I believe so (caveat: this is not something I've every thought about before).
I'm going to rewrite the $p_x$ from your question as $p_{xy}$. So, we have $$ p_{xy}=|\langle x|U_1|0^n\rangle|^2\ |\langle y|U_2|0^n\rangle|^2 $$ Note that this is two independent probabilities $p_x$ and $p_y$.
Now, the probability that $p_{xy}>\alpha'$, which we write as $\mathbb{P}(p_{xy}>\alpha')$ certainly satisfies $$ \mathbb{P}(p_{xy}>\alpha')>\mathbb{P}(p_{x}>\sqrt{\alpha'})^2 $$ because if both the independent probabilities $p_x$ and $p_y$ are bigger than $\sqrt{\alpha'}$, the probability of the produce being larger than $\alpha$ (which includes some events not counted in the independent case) is certainly larger.

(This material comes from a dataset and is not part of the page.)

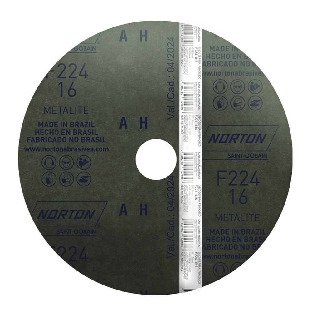 Produto: Disco de lixa de fibra 115 mm - F224 Marca: Norton Número: 36 Descrição: Disco de lixa metalite Suportam grandes esforços e altas velocidades. Especificações: Dimensões: 115 x 22 mm Grão: 16 Peso: 0.03 Kg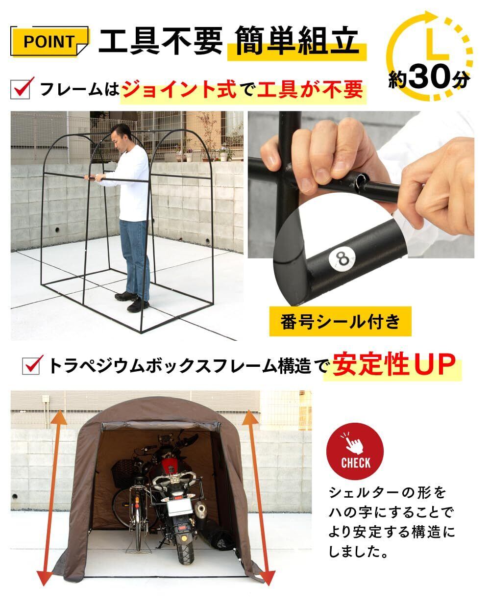 【工具不要の簡単組立て】 当バイクシェルターの組み立てには工具は不要で、フレームは差し込むだけの簡単設計です。フレームには組み立ての順番を示す番号シールが取り付けられていますので、そのシールに従って簡単に組み立てることが出来ます。また日本語の取扱説明書も同梱されていますので、どなたでも簡単に組み立てが可能です。

Now, from the paper you cite (theorem 5, $\epsilon=0$), we know $$ \mathcal{P}\left((p_x>\frac{\alpha}{N}\right))\geq\frac{(1-\alpha)^2}{2} $$ So, equate $$ \sqrt{\alpha'}=\frac{\alpha}{N} $$ and follow through to find the constant $\beta'$ such that $$ \mathbb{P}(p_{xy}>\alpha')>\beta', $$ the definition of being anti-concentrated.